Climate Litigation vs. Legislation: Avoiding Excessive Judicial Activism in the EU

On 24 March 2021 the German Federal Constitutional Court issued a decision with far-reaching consequences. The court ruled that the lack of sufficient specifications for further CO2 emission reductions from 2031 onwards in the German Climate Act ran contrary to the Constitution. In so ruling, the court narrowed the scope of action available to the legislator. Just a few weeks later a Dutch court went one step further, declaring that the oil and gas company Shell had violated its human rights obligations by failing to take adequate action to curb its contributions to climate change and global warming.

These are just two examples of the approach to climate change that has been adopted by some courts in the EU. They coincide with the EU’s very recent legislative initiatives to promote a uniform legislative package on climate change that could act as a vehicle for the European Green Deal.
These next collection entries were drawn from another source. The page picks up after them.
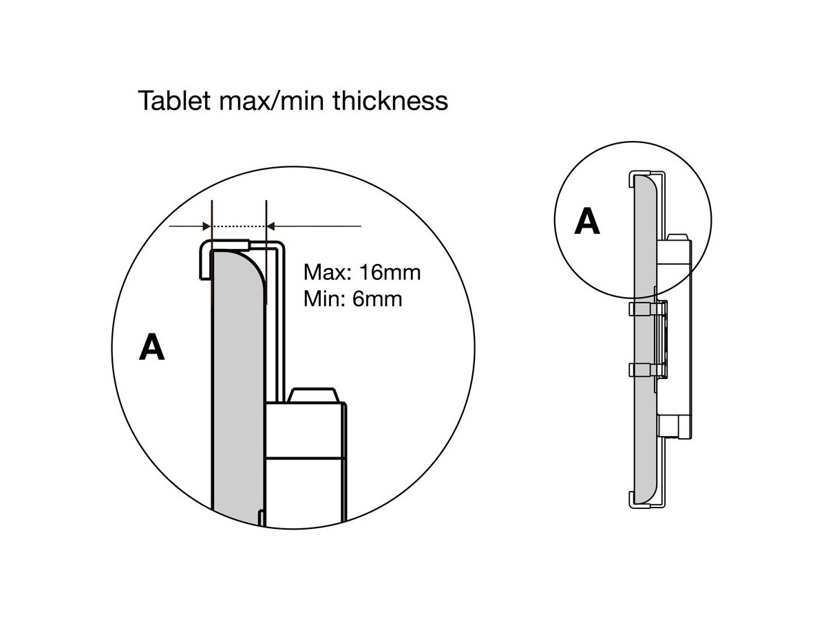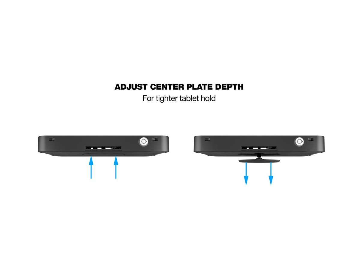 - Sliding arms accept most tablet sizes 7” to 13”, from iPad mini to iPad Pro, with or without case
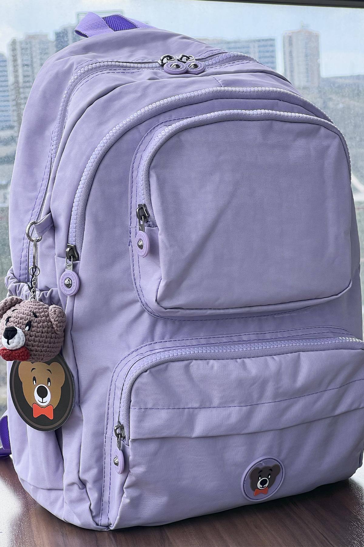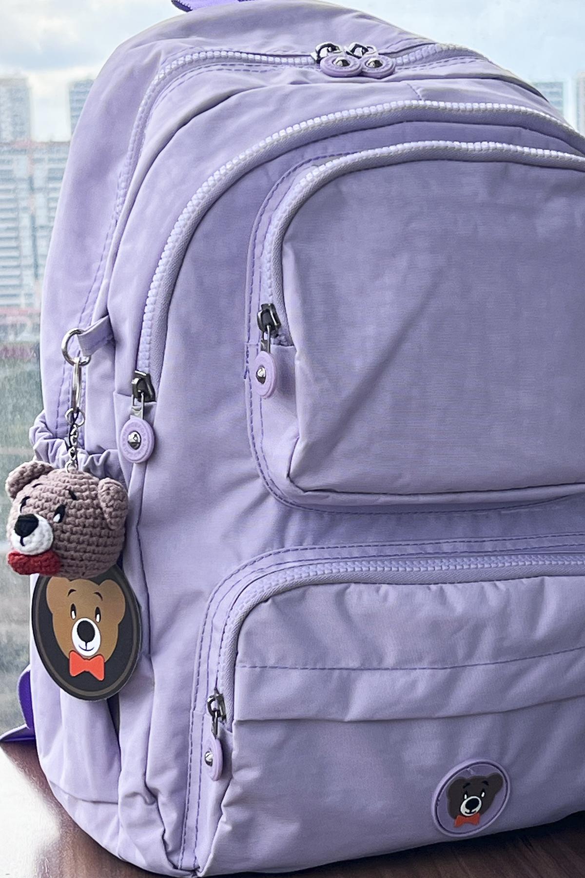 Nemo Bags LİLA Sırt, Okul, 14 İnç Laptop, Seyahat Çantası Amigurumi Ayıcık Anahtarlık Hediyeli
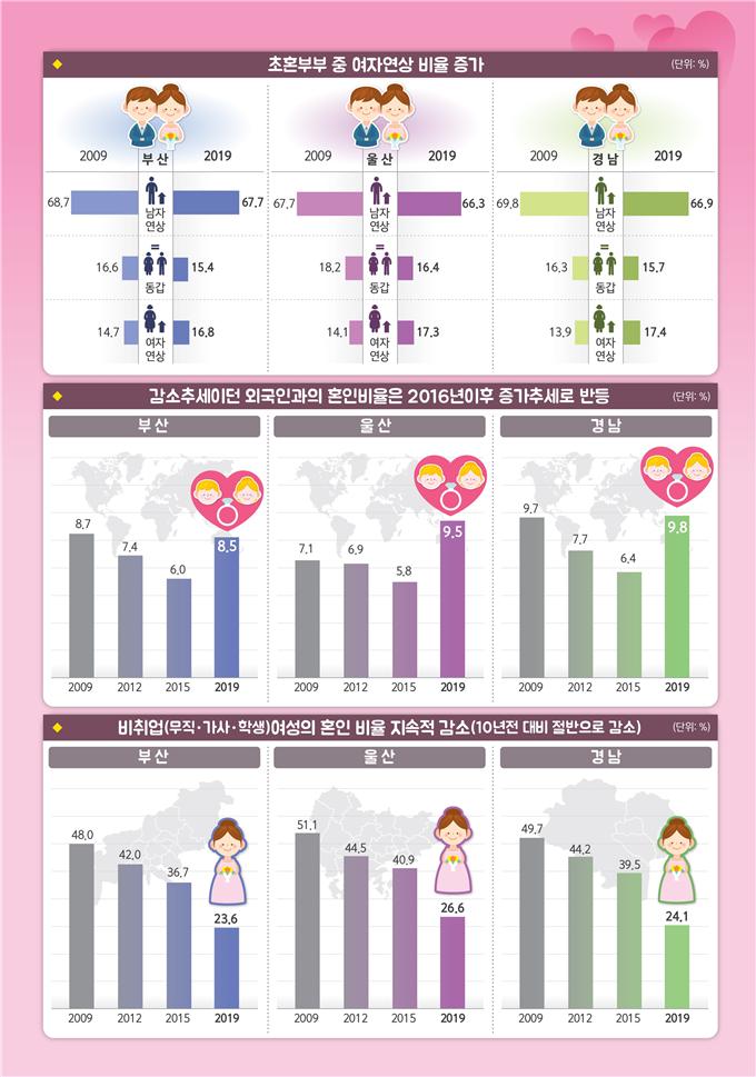 10년 전 대비 초혼 부부 중 여자연상 부부의 비율도 늘었다. 여자연상 비율은 부산 2.1%p(14.7%→16.8%), 울산 3.2%p(14.1%→17.3%), 경남 3.5%p(13.9%→17.4%)로 모두 증가했다. 남자가 연상이거나 동갑인 부부는 0.6~2.9%p 감소했다.
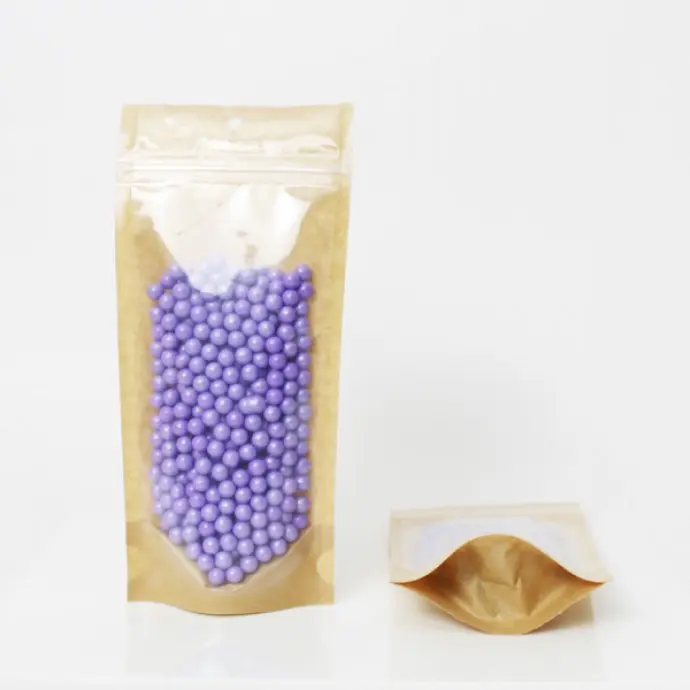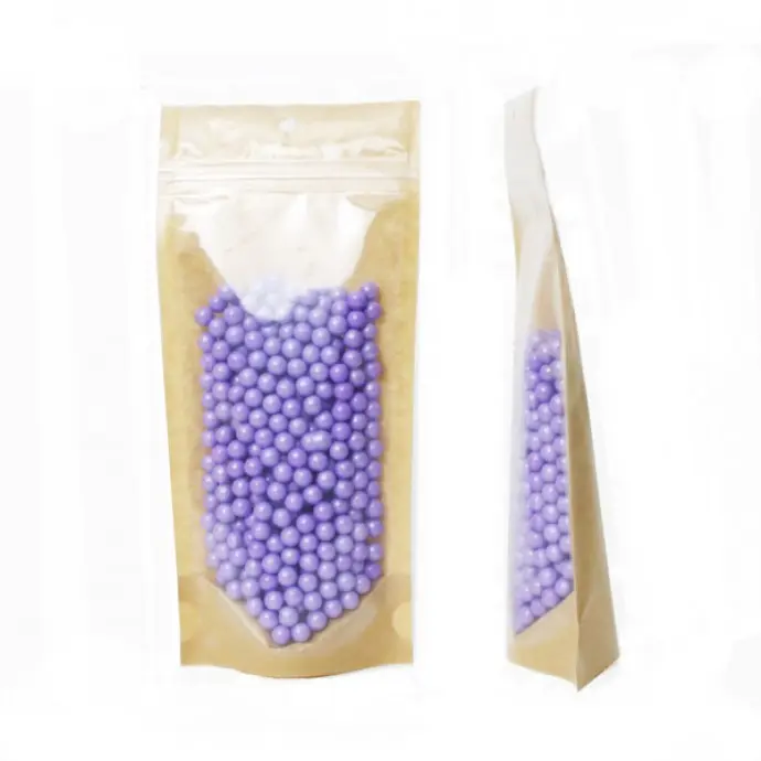 This kraft paper vista pouch, featuring a clear window for product visibility, is a popular choice for visually appealing items that require protection from moisture and oxygen.

We are confronted with two mutually exclusive risks: regulative overreach and efforts that are too little, too late.

This policy brief proposes a balance between them. It demands that the legislator on the European level take a proactive role, especially in a time when climate change litigation is growing exponentially. The gap between legislative intentions and actions has been left unfilled for too long, so the courts are stepping in. To tackle a contemporary issue such as climate change, we have to find a solution to the old problem of the EU’s legitimacy and the extent to which member states have leeway in developing their own climate change policy.